Capitalizing on communal and anti-Muslim passions, hard-line Hindu nationalists won an overwhelming victory today in a state election seen as a potential bellwether of India's future as a secular, pluralistic nation.
Candidates of the ruling Bharatiya Janata Party (BJP) in the western state of Gujarat, which was the locus of fierce rioting earlier this year, won 125 of 182 seats in the state legislature. That was an increase from the 117 seats it took in the last election, in 1998, according to results tallied today from Thursday's voting. The secular Congress Party came in a distant second with 52 seats.
The decisive victory by the BJP, which also heads India's national governing coalition, appeared to vindicate an electoral strategy that played heavily on Hindu fears and anger toward Gujarat's Muslim minority in the aftermath of last spring's riots. More than 1,000 people, most of them Muslims, were killed then.
The BJP's victory also raised fears among secular-minded Indians and religious minorities that the party will adopt a similar approach in other state elections and in national elections scheduled for 2004. That, some worry, could threaten the tolerant multi-religious state envisioned by the founders of modern India, including Mohandas Gandhi, Gujarat's most famous native son.
"It's definitely going to spell danger for the rest of the country," said the Rev. Cedric Prakash, a Jesuit priest who runs a human rights group in Gujarat's commercial capital, Ahmadabad.
Some analysts cautioned, however, that the BJP's winning formula in Gujarat could prove less effective in other settings. They note, for example, that a large share of Gujarat's population lives in cities, which traditionally have been more hospitable to the BJP's core ideology of Hindutva -- literally, "Hindu-ness" -- than the rural villages where most Indians live. They also note Gujarat's relative dearth of regional and caste-based parties that in other states have siphoned support from the BJP.
For those reasons, said Mahesh Rangarajan, an independent political analyst in New Delhi, the appeal of the BJP's ideology "may not be a winning card elsewhere, but it will still be a card."
At the very least, political observers said, the BJP's strong showing will increase pressure on Prime Minister Atal Bihari Vajpayee, who has cast himself as a moderate, to adopt a more nationalistic tone, particularly in his dealings with Pakistan. The BJP has lost several state elections in recent years and had been looking to Gujarat as a laboratory for rebuilding its political fortunes at the national level.
In conceding defeat today, the head of the Congress Party in Gujarat, Shankersingh Vaghela, described the BJP win as a victory for Hindutva. "People are supreme in democracy, and they have chosen to go with the communal lines of the BJP," he said in Ahmadabad.
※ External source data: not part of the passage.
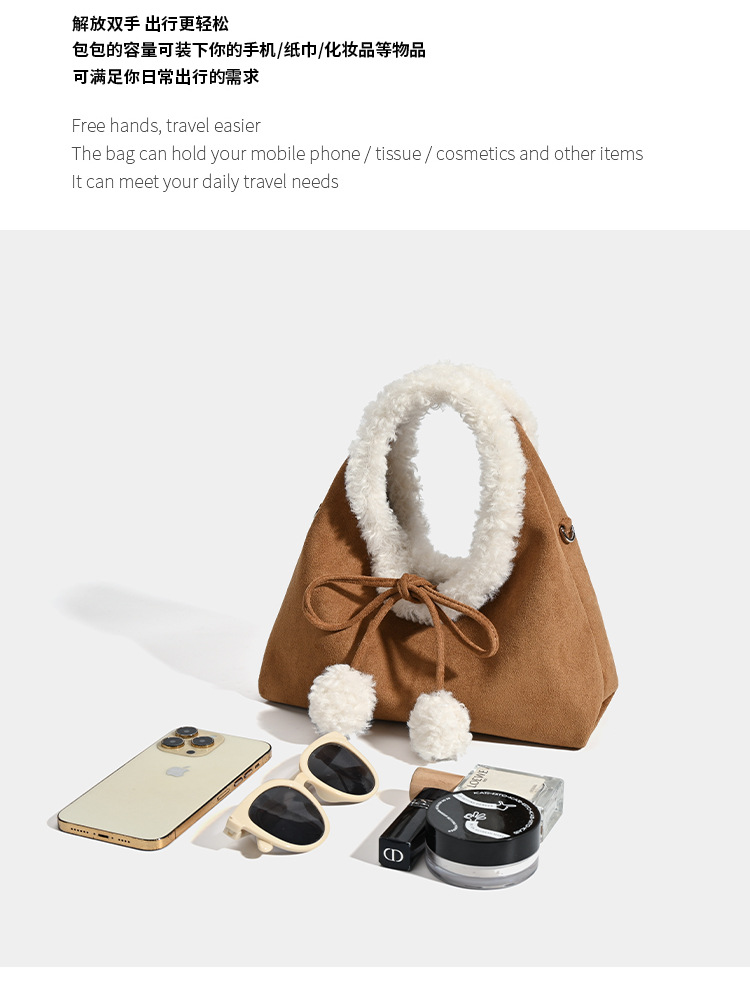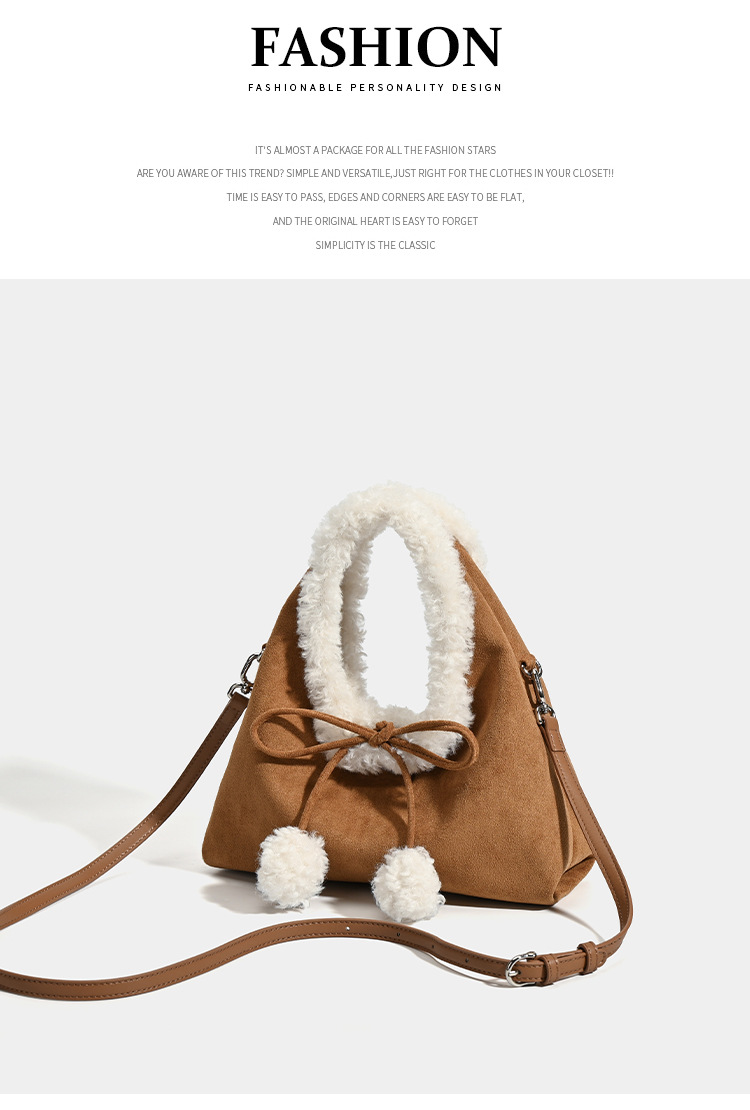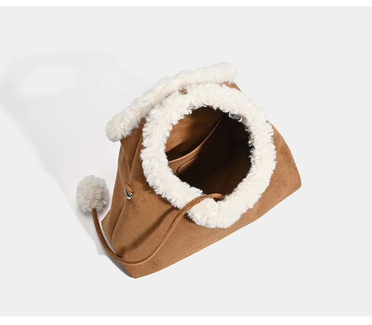 Bag Ladies 2025 New Retro Portable Lamb Wool Bucket Bag Premium Texture Niche Plush Messenger Bag
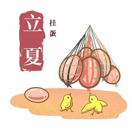 - 立夏吃鸡蛋,石头能踩烂。江浙一带更有立夏吃蛋、挂蛋、斗蛋等风俗。家长们提前煮好的咸鸭蛋,用彩线把鸡蛋编成蛋套,挂在孩子胸前祈求安康。孩子们聚在一起“斗蛋”,看谁的蛋壳最坚硬。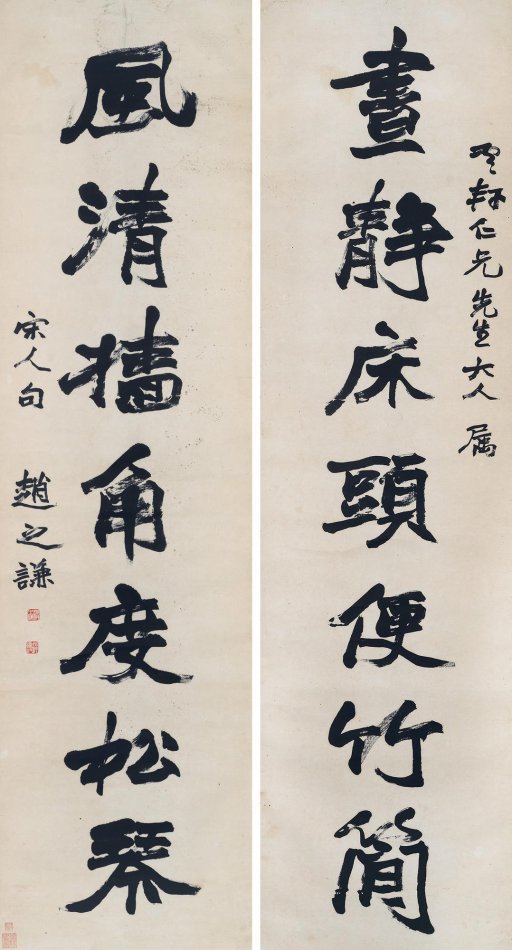 赵之谦《行书昼静风清七言联 》 170×45.5cm×2 广东崇正2014秋拍

The outcome was a victory for Gujarat's chief minister, Narendra Modi, a swaggering, charismatic figure who has emerged as a leading spokesman of the BJP's right wing. Modi derived much of his campaign platform from last spring's riots, which began when a Muslim mob torched a train carrying Hindu activists in the town of Godhra, killing 59 people and igniting India's worst communal violence in a decade.
In the riots that followed the train attack, Hindu mobs slaughtered Muslims throughout the state, burning some of them alive; thousands of Muslims have yet to return to their homes. Last month, echoing findings by Human Rights Watch and other independent monitors, a citizens panel that included several retired Supreme Court judges charged that the anti-Muslim rioters had acted "with the deliberate connivance and support" of Modi's government.
While Modi has denied that accusation, he and other BJP candidates have done their best to capitalize on the Godhra attack, suggesting that the anti-Muslim reaction was understandable and perhaps even justified.
Modi and others have suggested that the loyalties of Indian Muslims may reside more comfortably in Pakistan, which was founded as an explicitly Muslim state and is locked in a bitter standoff with India over the disputed Himalayan region of Kashmir. India's population of more than a billion includes about 820 million Hindus and 130 million Muslims.
"There's been an atmosphere that if you don't vote for the BJP, all hell will break loose; you'll have terrorism, your temples will be attacked," said Rangarajan. He said the BJP's message can be distilled this way: "In order to be Indian you have to be Hindu -- and if not, you'll have to prove your loyalty."